Material for the task Start Marker

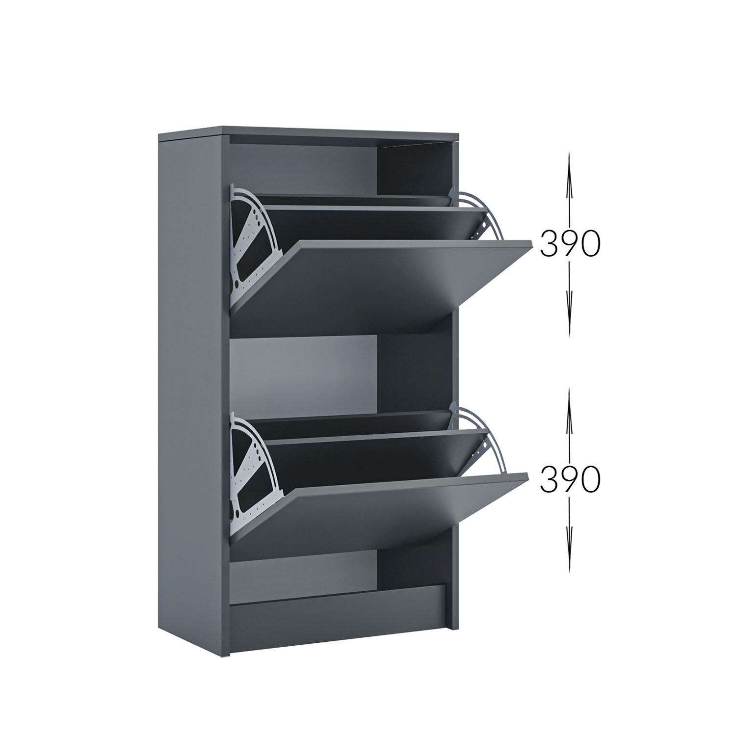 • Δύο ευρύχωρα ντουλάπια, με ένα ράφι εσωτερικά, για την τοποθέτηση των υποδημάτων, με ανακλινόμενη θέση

Material for the task End Marker
Material for the task Start Marker

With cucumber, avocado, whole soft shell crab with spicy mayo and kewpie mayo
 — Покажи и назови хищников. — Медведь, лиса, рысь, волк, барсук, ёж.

Material for the task End Marker

* What the exercise asks
Go through the listing above and write out exactly the lines starting with the one holding "With cucumber, avocado, whole" and running through the one holding "волк, барсук, ёж.", ends included, and no others.

* Answer to the problem
With cucumber, avocado, whole soft shell crab with spicy mayo and kewpie mayo
 — Покажи и назови хищников. — Медведь, лиса, рысь, волк, барсук, ёж.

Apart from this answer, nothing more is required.